■ **WHAT YOU WILL DO**:
Take every line containing "point" out of the records.

-*-

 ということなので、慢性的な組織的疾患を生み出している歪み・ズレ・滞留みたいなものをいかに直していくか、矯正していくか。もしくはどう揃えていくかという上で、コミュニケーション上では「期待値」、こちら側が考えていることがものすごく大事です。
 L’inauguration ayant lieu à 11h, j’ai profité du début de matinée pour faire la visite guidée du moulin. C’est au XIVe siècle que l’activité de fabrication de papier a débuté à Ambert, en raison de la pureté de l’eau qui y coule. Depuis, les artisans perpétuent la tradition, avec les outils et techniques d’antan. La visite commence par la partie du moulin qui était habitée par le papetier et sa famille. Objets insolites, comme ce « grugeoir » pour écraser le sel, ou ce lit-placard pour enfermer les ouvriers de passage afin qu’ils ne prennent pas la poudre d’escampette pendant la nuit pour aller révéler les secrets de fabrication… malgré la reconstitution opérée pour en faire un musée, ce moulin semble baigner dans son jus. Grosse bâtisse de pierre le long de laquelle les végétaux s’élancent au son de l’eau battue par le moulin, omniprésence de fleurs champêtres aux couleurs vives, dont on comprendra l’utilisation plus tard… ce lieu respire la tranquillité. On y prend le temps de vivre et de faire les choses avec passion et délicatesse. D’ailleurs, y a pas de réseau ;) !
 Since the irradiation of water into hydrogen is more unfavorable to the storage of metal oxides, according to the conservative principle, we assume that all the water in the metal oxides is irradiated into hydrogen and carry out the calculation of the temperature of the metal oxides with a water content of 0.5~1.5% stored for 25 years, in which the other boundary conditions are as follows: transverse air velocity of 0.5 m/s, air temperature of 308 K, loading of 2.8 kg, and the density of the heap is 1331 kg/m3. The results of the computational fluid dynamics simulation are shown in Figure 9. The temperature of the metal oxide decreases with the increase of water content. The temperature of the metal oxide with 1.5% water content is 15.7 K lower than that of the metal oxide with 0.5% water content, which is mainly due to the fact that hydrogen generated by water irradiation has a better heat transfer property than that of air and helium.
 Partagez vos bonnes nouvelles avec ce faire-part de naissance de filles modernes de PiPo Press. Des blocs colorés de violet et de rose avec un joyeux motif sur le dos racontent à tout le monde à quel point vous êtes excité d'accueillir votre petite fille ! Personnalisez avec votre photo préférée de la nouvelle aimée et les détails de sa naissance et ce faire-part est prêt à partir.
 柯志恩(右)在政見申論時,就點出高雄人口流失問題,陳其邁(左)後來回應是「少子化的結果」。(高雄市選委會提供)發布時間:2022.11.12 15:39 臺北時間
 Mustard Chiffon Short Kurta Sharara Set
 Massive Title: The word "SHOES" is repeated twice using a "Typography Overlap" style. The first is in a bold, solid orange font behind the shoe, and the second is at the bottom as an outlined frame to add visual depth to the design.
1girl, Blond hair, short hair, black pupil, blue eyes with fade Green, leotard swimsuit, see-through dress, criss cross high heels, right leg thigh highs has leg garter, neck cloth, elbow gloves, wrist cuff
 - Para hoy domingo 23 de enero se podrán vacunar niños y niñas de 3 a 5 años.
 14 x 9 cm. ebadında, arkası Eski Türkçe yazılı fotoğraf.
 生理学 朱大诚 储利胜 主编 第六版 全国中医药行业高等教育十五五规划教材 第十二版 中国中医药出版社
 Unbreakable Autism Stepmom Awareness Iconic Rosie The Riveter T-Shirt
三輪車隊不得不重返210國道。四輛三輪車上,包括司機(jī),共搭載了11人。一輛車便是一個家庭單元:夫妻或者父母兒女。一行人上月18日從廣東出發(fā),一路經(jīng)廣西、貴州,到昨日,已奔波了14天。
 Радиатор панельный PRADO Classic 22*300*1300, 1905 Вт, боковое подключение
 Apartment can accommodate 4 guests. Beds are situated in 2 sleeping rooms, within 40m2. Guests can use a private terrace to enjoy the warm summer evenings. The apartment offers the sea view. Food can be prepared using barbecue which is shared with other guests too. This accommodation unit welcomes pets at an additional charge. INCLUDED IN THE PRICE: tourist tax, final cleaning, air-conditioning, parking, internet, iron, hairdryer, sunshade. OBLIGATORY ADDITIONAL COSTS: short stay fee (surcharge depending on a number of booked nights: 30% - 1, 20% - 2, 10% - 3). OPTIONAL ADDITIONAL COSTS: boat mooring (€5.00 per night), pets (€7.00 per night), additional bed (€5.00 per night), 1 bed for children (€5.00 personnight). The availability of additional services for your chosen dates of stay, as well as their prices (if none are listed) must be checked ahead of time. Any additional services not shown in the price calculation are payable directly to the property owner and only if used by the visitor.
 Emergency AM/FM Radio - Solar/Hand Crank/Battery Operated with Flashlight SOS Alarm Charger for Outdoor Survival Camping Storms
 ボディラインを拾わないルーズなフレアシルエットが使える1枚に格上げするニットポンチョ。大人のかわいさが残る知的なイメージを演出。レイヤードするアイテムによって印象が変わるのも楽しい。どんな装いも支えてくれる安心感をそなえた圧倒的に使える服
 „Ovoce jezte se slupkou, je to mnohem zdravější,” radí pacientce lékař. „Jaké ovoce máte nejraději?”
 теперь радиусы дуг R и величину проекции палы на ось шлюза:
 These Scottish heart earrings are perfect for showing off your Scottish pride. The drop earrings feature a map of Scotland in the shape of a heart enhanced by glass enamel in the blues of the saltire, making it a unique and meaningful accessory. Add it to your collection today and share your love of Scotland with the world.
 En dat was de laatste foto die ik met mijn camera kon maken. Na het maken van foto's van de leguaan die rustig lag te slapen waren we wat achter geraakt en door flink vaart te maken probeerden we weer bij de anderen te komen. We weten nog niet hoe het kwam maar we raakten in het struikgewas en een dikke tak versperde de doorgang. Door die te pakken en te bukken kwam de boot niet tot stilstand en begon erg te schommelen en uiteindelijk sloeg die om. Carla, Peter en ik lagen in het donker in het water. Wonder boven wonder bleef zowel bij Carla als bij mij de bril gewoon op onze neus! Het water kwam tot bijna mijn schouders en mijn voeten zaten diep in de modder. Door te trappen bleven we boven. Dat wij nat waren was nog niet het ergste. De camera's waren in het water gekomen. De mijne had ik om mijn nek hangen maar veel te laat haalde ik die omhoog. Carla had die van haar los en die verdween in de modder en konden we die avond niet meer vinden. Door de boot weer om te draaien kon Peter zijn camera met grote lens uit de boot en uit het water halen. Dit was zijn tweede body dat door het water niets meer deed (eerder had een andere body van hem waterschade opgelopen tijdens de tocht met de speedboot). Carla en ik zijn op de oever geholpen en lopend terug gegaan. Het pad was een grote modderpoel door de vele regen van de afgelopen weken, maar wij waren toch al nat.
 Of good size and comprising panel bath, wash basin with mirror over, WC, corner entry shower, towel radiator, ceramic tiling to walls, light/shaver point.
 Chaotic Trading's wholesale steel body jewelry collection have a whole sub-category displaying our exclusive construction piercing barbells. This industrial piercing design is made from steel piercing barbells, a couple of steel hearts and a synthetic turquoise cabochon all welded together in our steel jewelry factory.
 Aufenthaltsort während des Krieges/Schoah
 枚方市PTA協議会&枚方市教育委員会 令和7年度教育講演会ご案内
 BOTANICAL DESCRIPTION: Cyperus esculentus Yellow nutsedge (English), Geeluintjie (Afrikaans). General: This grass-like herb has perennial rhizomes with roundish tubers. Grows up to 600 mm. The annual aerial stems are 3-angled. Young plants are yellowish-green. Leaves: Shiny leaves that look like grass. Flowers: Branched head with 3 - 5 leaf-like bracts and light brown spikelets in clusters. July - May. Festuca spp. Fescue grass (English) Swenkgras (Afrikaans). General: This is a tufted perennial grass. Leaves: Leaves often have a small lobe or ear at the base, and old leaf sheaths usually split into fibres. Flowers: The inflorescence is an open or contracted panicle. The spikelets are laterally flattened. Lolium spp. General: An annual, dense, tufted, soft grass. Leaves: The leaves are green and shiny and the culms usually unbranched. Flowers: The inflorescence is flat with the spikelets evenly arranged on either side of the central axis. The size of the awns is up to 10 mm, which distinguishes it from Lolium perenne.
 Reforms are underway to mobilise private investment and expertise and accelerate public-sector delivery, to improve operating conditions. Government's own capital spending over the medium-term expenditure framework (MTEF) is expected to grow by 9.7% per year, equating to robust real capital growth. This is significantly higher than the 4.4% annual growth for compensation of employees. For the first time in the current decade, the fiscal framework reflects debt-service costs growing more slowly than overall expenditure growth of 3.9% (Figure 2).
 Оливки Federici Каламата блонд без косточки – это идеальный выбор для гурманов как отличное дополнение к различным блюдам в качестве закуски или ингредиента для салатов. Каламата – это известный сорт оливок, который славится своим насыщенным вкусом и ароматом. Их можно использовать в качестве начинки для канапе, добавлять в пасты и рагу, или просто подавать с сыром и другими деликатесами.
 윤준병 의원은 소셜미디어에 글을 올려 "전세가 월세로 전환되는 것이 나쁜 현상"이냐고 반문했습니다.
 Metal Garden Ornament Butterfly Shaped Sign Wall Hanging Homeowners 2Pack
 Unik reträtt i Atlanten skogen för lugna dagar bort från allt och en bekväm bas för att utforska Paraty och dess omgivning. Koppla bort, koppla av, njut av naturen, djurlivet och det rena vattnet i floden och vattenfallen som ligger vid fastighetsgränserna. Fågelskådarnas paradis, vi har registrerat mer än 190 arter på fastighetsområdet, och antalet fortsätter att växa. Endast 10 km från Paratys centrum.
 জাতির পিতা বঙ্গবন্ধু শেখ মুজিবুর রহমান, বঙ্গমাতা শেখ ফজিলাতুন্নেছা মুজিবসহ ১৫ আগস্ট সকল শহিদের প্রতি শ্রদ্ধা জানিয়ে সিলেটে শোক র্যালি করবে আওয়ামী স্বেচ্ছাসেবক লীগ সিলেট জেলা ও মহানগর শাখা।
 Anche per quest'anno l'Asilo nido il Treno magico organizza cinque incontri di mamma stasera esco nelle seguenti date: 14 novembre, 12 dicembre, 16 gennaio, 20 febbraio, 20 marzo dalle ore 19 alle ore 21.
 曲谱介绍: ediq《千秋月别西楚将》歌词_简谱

-*-

■ **WORKED SOLUTION**:
 Partagez vos bonnes nouvelles avec ce faire-part de naissance de filles modernes de PiPo Press. Des blocs colorés de violet et de rose avec un joyeux motif sur le dos racontent à tout le monde à quel point vous êtes excité d'accueillir votre petite fille ! Personnalisez avec votre photo préférée de la nouvelle aimée et les détails de sa naissance et ce faire-part est prêt à partir.
 Of good size and comprising panel bath, wash basin with mirror over, WC, corner entry shower, towel radiator, ceramic tiling to walls, light/shaver point.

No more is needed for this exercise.